Eventually, he says, he was presented with the documentation to sort out a covenant problem on the day he called into the council with a photograph for consideration.

“I was getting a bit sick and tired of it,” the Fraser Coast resident of eight years said.

“It took me 13 months. It should have taken a few weeks.

“We just love it here. We don’t want to be forced to leave.”

So he turned up at last Wednesday’s meeting of the Fraser Coast council and during public participation asked the council to have a heart.

“We were told by someone in similar circumstances that someone could spend $30,000 with an application and be told ‘No’. Not this boy.”

Mayor Mick Kruger responded by providing him with an instant consult with director of planning and development David King, whose email followed with good news later the same day.

“I was very pleased with the end result but they do need a little shake-up, I think.

“If they drive their cars the same speed they do their work in the council office, they will never be caught for speeding.
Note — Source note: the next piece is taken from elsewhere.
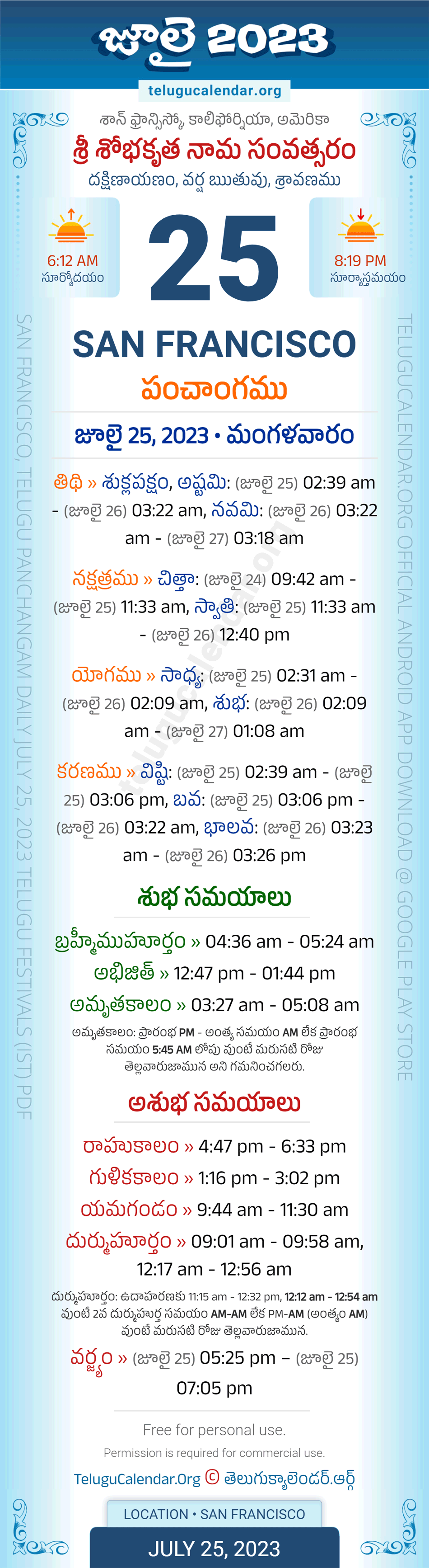 Apart from the Panchangam July 25, 2023 San Francisco Telugu Calendar Daily Sheet, you can also find the Sunrise and Sunset (Middle Limb) timings, Paksham, Telugu Year, Yanam, Rutuvu, Telugu Month. Today's San Francisco Auspicious Timings July 25, 2023 (Shubha Muhuratam Today Good Timings like Abhijit Muhurtham, Amruta Kalam & Brahma Muhurtham) and Today's San Francisco Inauspicious Timings July 25, 2023 (Bad Timings like Durmuhurtham, Rahukalam, Gulika kalam & Yamagandam) with starting and end timings in the above image.

I know things take time but you have to draw the line some time.”

The council’s executive manager for development assessment, Michael Ellery, said yesterday that a one-size-fits-all approach was not possible because every subdivision was different and would be subject to different requirements which could vary with the planning schemes.

“Anyone considering subdividing their property can refer to all the planning schemes online to see if their idea is consistent with the planning scheme for their area.”